==== EXCERPTED RECORDS
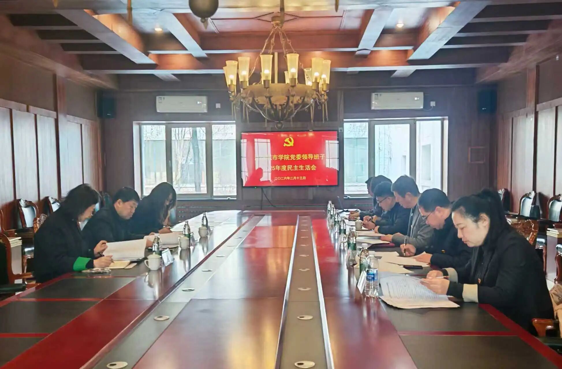 213日,沈阳城市学院在白卿宫会议室召开党委领导班子2025年度民主生活会。辽宁省委教育工委第五督导组组长、沈阳航空航天大学党委副书记张业伟,以及督导组成员鲁迅美术学院雕塑艺术学院党总支副书记刚莹、鲁迅美术学院党政办公室综合科科长易鹤同到会指导。学校党委书记刘怀民主持会议,党委领导班子全体成员参加会议。
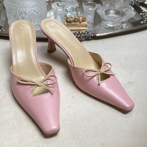Gorgeous soft pink with a neutral trim. Classy! Scuff mark on one toe (see photo) soles and heels in good condition. Made in Italy
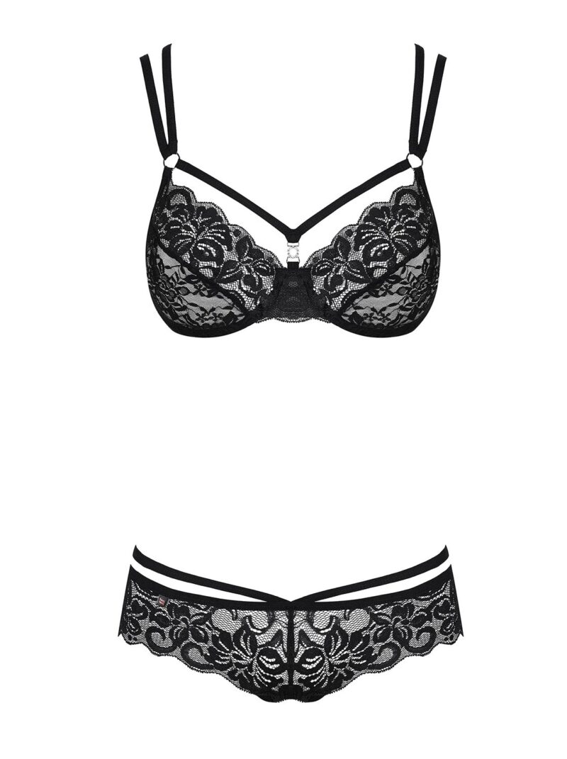 Verleid je partner in deze opvallende 2-delige BH set! De set bestaat uit een BH met ongevoerde cups en een bijpassende sexy string. De dubbele schouderbandjes zijn ruim verstelbaar. Deze set heeft prachtige kanten details en een speelse belijning. Het materiaal is elastisch voor een mooie pasvorm.
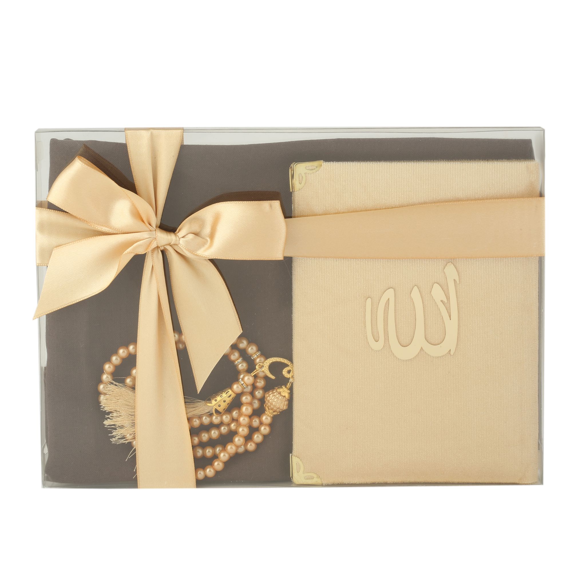 - Asetat kutu içerisinde 99'luk 6 mm Vavlı İnci Tesbih, 100 Cm Düz Saçaklı Renkli Pamuk Eşarp ve 12x16 Cm Çanta Boy 128 Sayfa Bilgisayar Hatlı Kadife Arapça Yasin ile beraber sunulur.
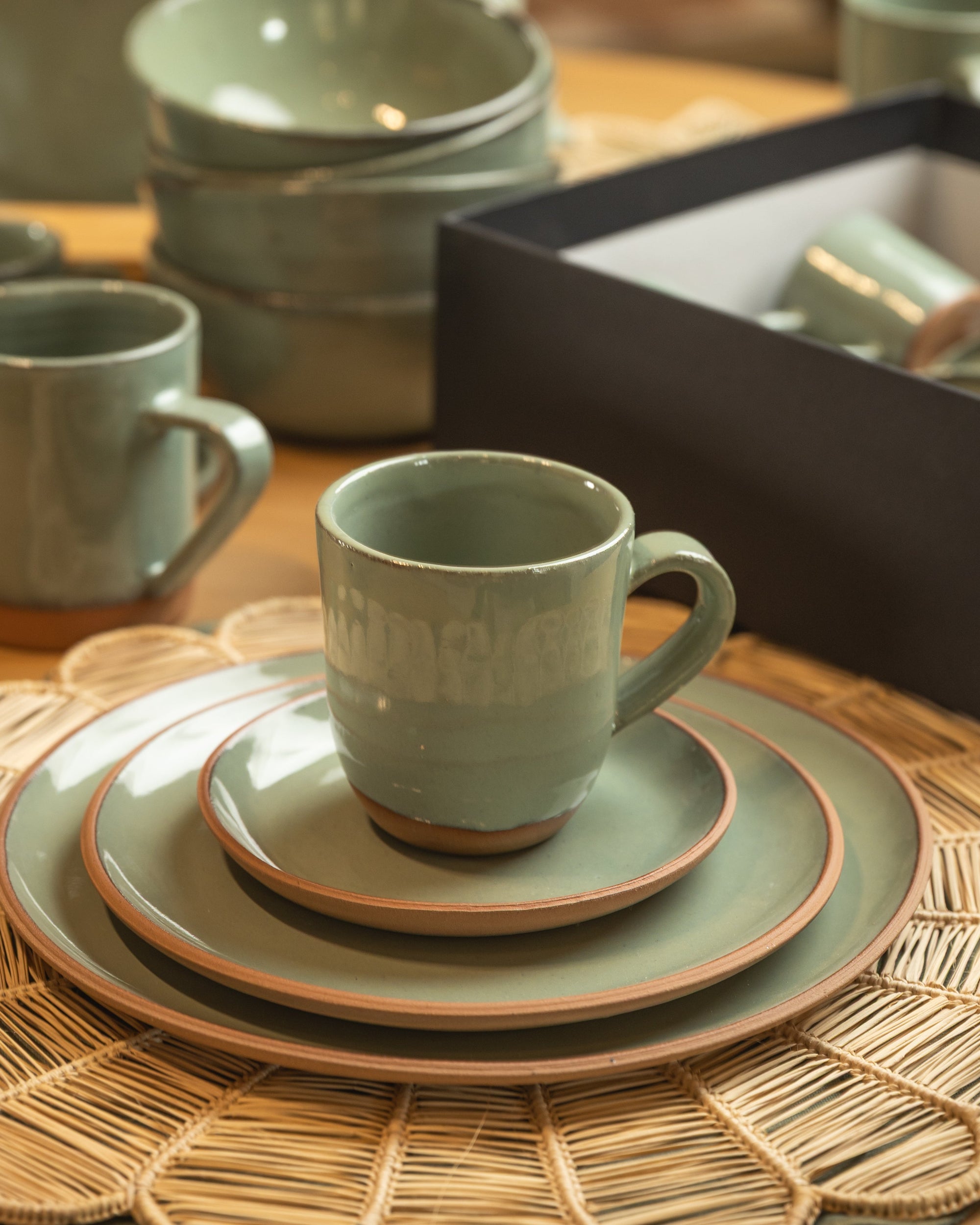 Nuestro set de tazas Laurel, destaca en un tono verde sutil pero con carácter consta de 4 tazas y 4 platitos de cerámica esmaltada acabado brilloso y base natural que combina diseño y calidez en una pieza de cerámica artesanal pensada para acompañarte en ese momento especial del día. Hecha a mano con arcillas y esmaltes no tóxicos, aptos para consumo de alimentos. Cada pieza es única y lleva consigo el encanto de lo auténtico.
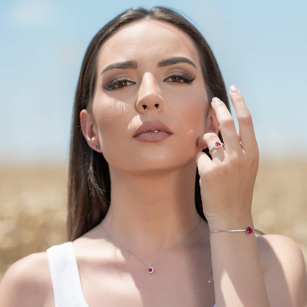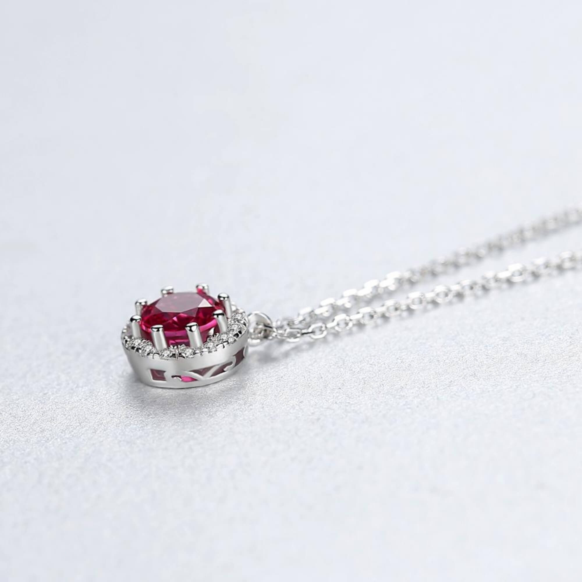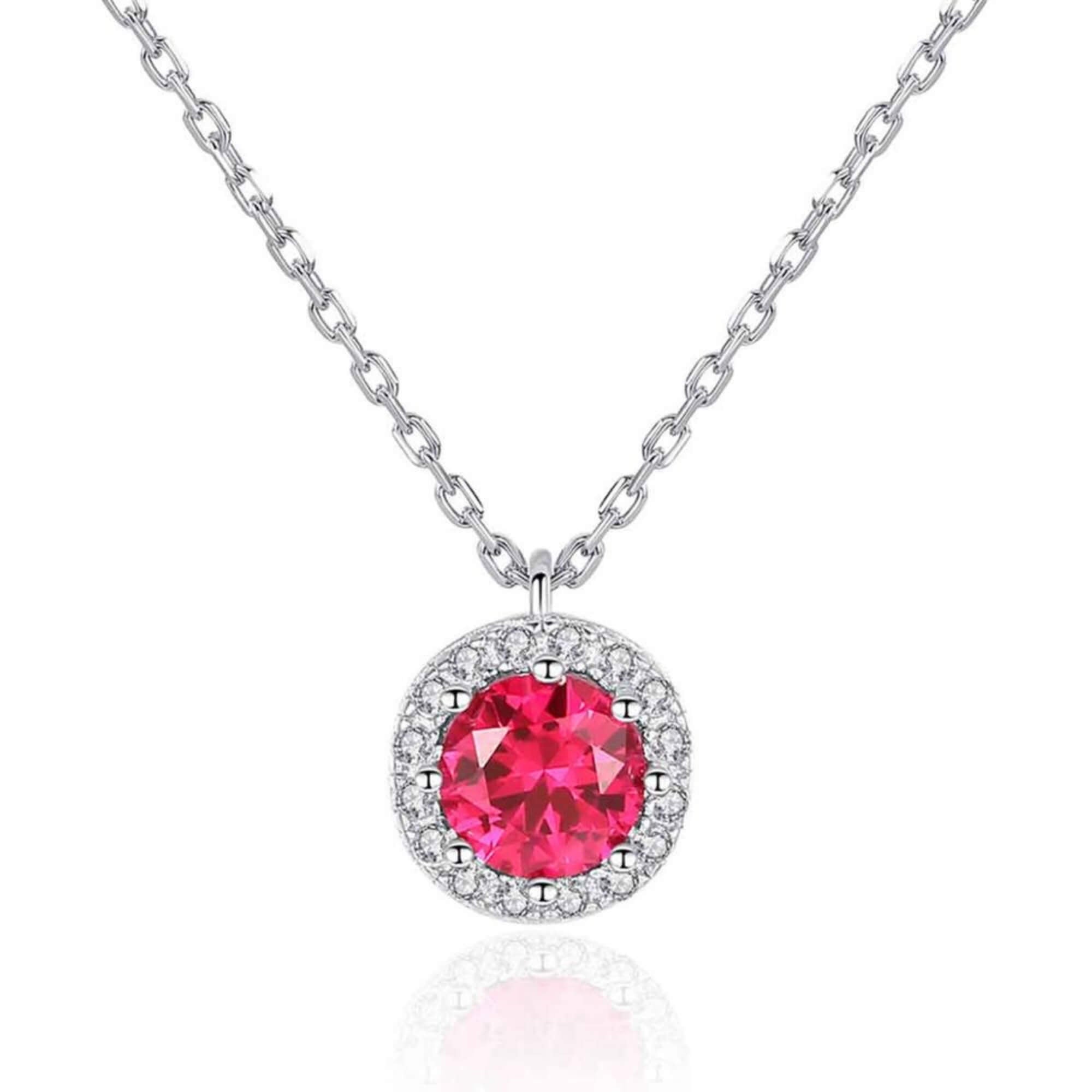 Ervaar de allure van koninklijke elegantie met deze zilveren ketting, voorzien van een klassiek vlechtontwerp en een hanger versierd met een levendige rode synthetische robijn, omringd door kleinere kristallen. Deze ketting is perfect voor speciale gelegenheden of om een verfijnd tintje te geven aan het dagelijks leven. Het is een statement van gratie en elegantie.
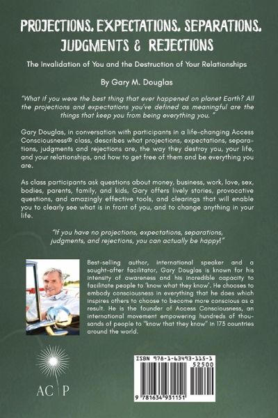 "What if you were the best thing that ever happened on planet Earth? All the projections and expectations you’ve defined as meaningful are the things that keep you from being everything you are." Gary Douglas, in conversation with participants in a life-changing Access Consciousness® class, describes what projections, expectations, separations, judgments, and rejections are, the way they destroy you, your life, and your relationships, and how to get free of them and be everything you are. As class participants ask questions about money, business, work, love, sex, bodies, parents, family, and kids, Gary offers lively stories, provocative questions, and amazingly effective tools, and clearings that will enable you to clearly see what is in front of you, and to change anything in your life. "If you have no projections, expectations, separations, judgments, and rejections, you can actually be happy!"
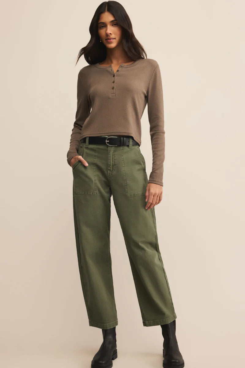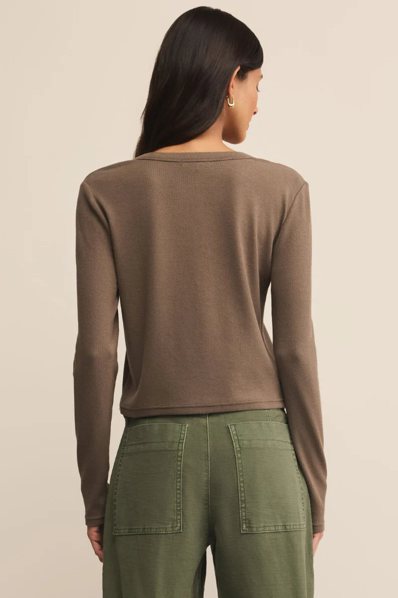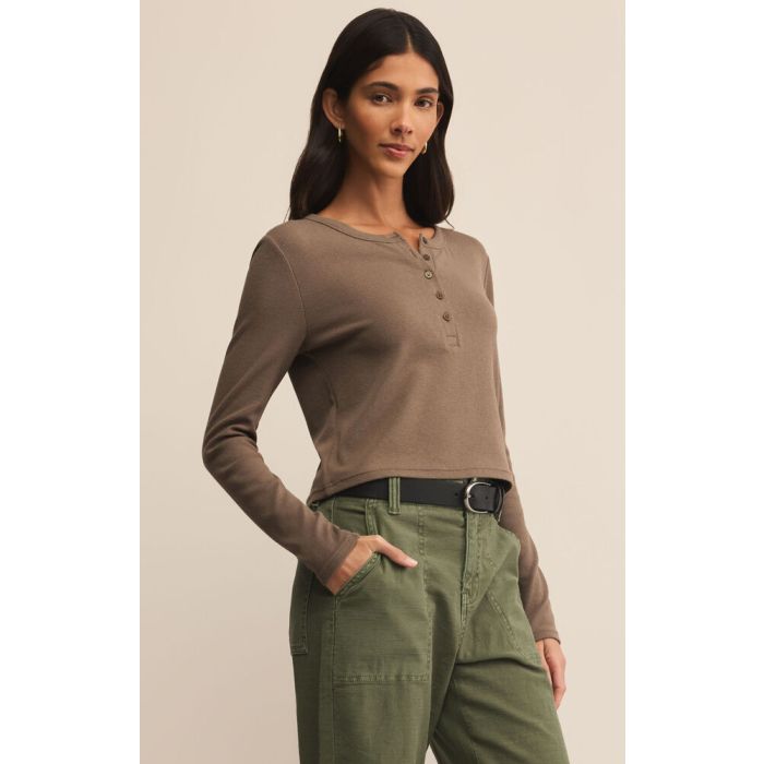 A slightly boxy, cropped henley that keeps things casual but polished. Made with a soft, slub rib knit and finished with a crew neckline, button front, and long sleeves, it’s the kind of top you’ll reach for on repeat.
========
▶ _TO DO_
Nothing but the lines above from the one that has "- Asetat kutu" down to the one that has "Ervaar de allure" belongs in the answer, copied exactly, without pictures.

▶ _YOUR SOLUTION_
 - Asetat kutu içerisinde 99'luk 6 mm Vavlı İnci Tesbih, 100 Cm Düz Saçaklı Renkli Pamuk Eşarp ve 12x16 Cm Çanta Boy 128 Sayfa Bilgisayar Hatlı Kadife Arapça Yasin ile beraber sunulur.
 Nuestro set de tazas Laurel, destaca en un tono verde sutil pero con carácter consta de 4 tazas y 4 platitos de cerámica esmaltada acabado brilloso y base natural que combina diseño y calidez en una pieza de cerámica artesanal pensada para acompañarte en ese momento especial del día. Hecha a mano con arcillas y esmaltes no tóxicos, aptos para consumo de alimentos. Cada pieza es única y lleva consigo el encanto de lo auténtico.
 Ervaar de allure van koninklijke elegantie met deze zilveren ketting, voorzien van een klassiek vlechtontwerp en een hanger versierd met een levendige rode synthetische robijn, omringd door kleinere kristallen. Deze ketting is perfect voor speciale gelegenheden of om een verfijnd tintje te geven aan het dagelijks leven. Het is een statement van gratie en elegantie.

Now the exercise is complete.